II- La boutique du droguiste

Le lendemain de l’arrivée d’Antoine, et comme celui-ci était à déjeuner avec sa mère, Picard, le mari d’Annette, parut inopinément à leurs yeux.

– Bonjour, belle mère, dit-il en entrant, bonjour, beau-frère ; ma femme m’a dit hier le retour d’Antoine, il est, dit-elle, au dépourvu pour une place ; je viens lui en proposer une.

– Une place ! répéta Antoine avec un étonnement dédaigneux.
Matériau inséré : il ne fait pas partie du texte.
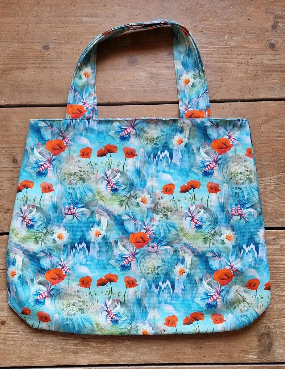 Van dit paneel kun je een hele leuke handige tas maken voor dagelijks gebruik. De tas is makkelijk op te vouwen en is lekker ruim en gemaakt van sterke canvasstof en als je de tas omkeert zie je een ander design.
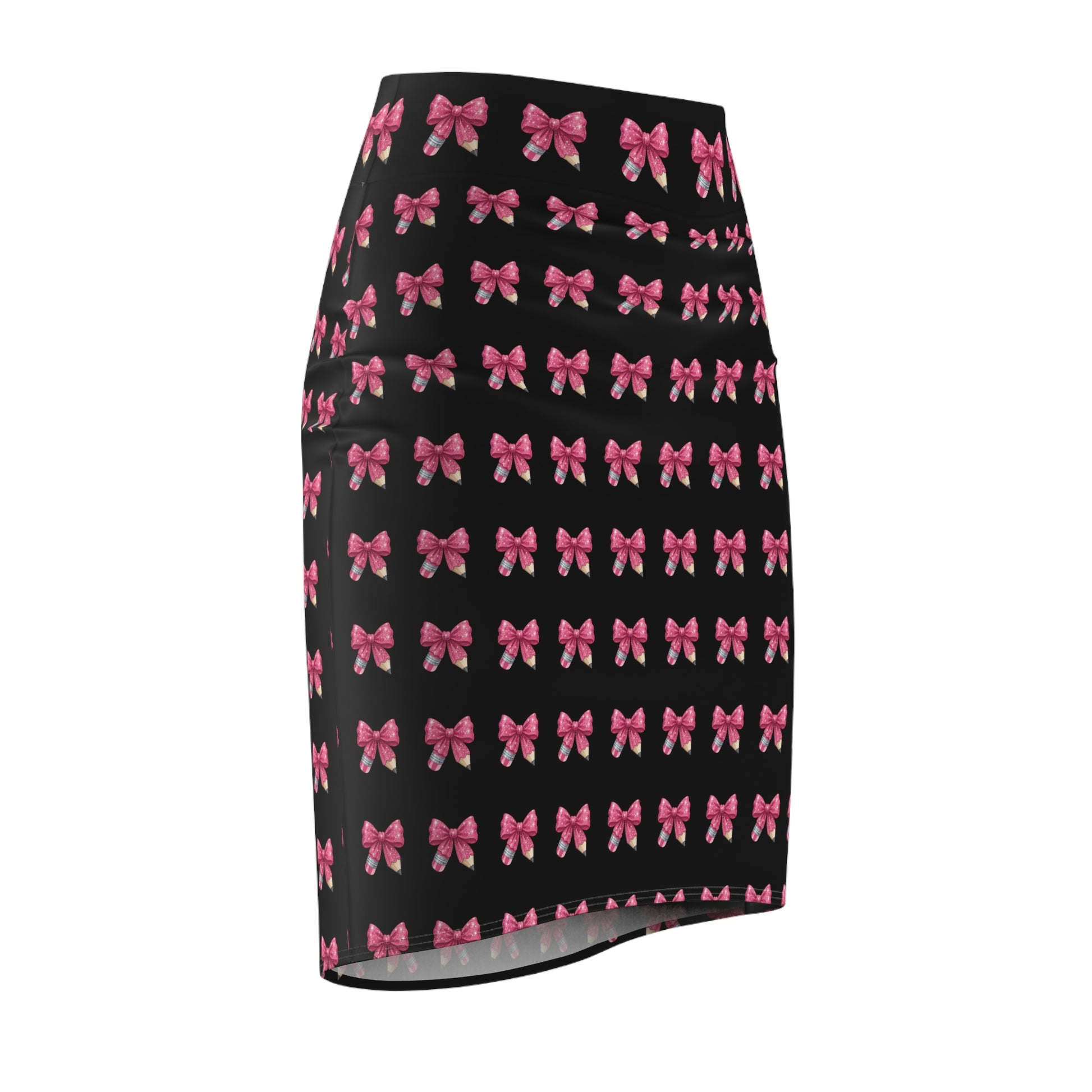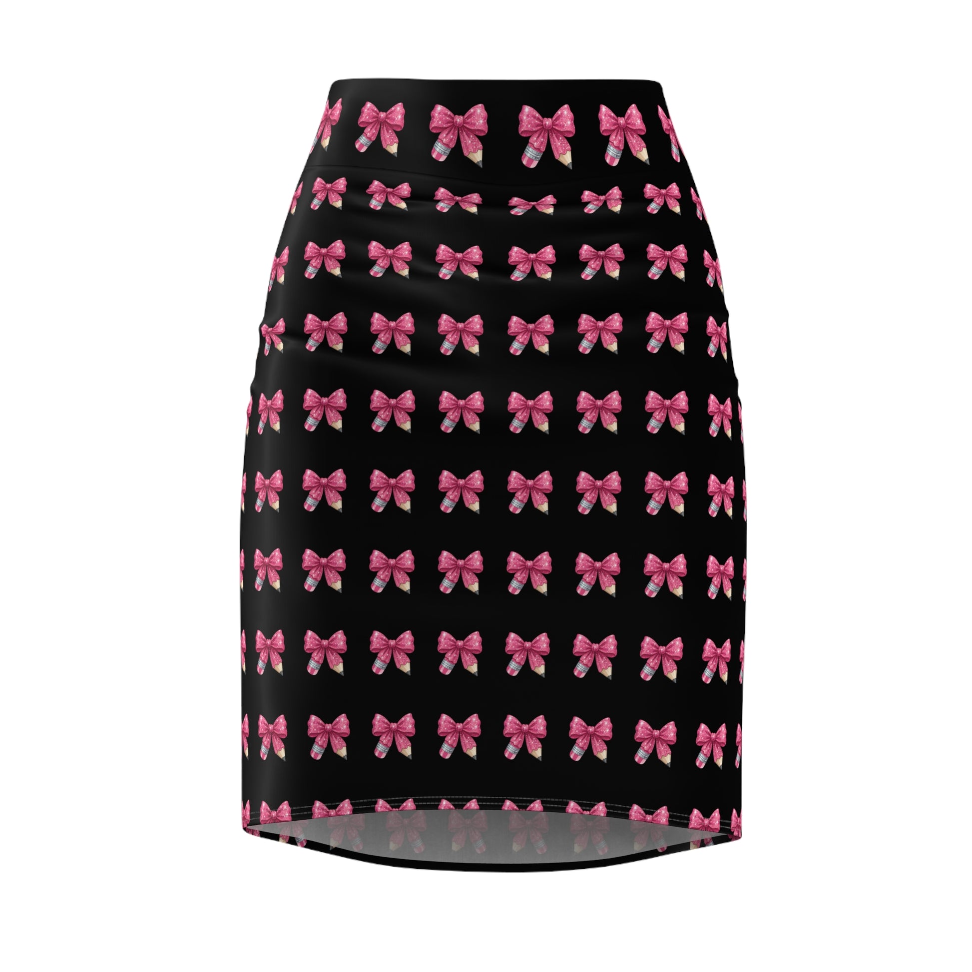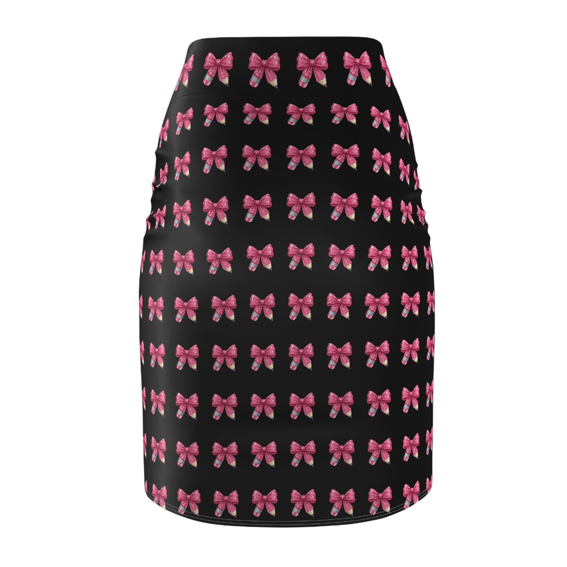 A slim, mid-rise pencil skirt patterned with rows of hand-drawn pink bows on a clean white ground. Lightweight and gently stretchable, it moves with you — hugging curves without restriction thanks to 4-way stretch. The small-scale repeat feels playful and deliberate: wear it when you want a touch of vintage-inspired charm without being loud. Pair with a cropped sweater and loafers for a weekend coffee run, or tuck in a crisp blouse for a desk-to-dinner look. The smooth flatlock seams sit flat against the body, and the all-over print keeps the bows consistent from waist to hem, so the skirt reads like a single thoughtful piece rather than a patchwork. Assembled in the USA from globally sourced parts.
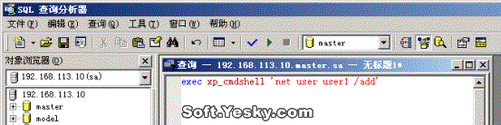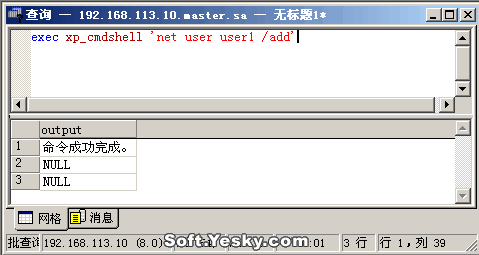 2)、如图3所示,在查询窗口中输入:exec xp_cmdshell ''''net user user1 /add'''',按 执行,如果出现图4“命令成功完成”的提示说明执行成功。

– Vas-tu pas faire le fier ? lui dit sa mère. Il faut cependant t’occuper. Je suis bien touchée de votre attention, mon gendre, répliqua-t-elle en se retournant vers Picard... et quelle place avez-vous à proposer à Antoine ?

– Oh ! mon Dieu, belle-mère, c’est une place et ce n’est pas une place, répondit Picard... Voici ce que c’est : j’ai un bon établissement de droguerie, mais je suis seul, et je ne peux souvent suffire à préparer toutes les drogues dont les paysans des environs ont besoin. Antoine est un savant, à ce que m’a dit Annette, et, s’il voulait, il pourrait m’aider... Je lui donnerai d’abord la table, le logement, puis quelques petites choses, par-ci, par-là... ; puis, s’il a de la conduite, de l’ordre, il peut espérer... Car enfin, depuis dix ans que je suis marié, je n’ai pas d’enfants... donc il peut espérer ma survivance.

– Quoi ! mais c’est superbe, ce que vous proposez là ! Antoine, entends-tu ? s’écria la bonne mère, ne voyant dans cette offre que le bonheur de ne pas quitter son fils.

Antoine, les yeux baissés, jouait avec son couteau ; son visage n’exprimait aucune des satisfactions qui s’épanouissaient sur le visage de sa mère.

– Tu ne dis rien, Antoine, reprit madame Galland, inquiète du silence de son fils.

– Je dis que Picard est bien bon, répondit Antoine avec embarras.

– Bien bon ! répéta la couturière ; mais dis donc qu’il est bien généreux, bien magnifique ; car cette boutique de droguerie qu’il te fait voir en perspective !... mais je n’en avais jamais rêvé autant pour toi. Lève-toi donc, remercie ton beau-frère, dis-lui que tu acceptes ! dis-lui que tu seras bien travailleur, bien sobre, bien sage, bien obéissant... Voyons donc, Antoine, lève-toi, puisque je te le dis, et va remercier ton beau-frère..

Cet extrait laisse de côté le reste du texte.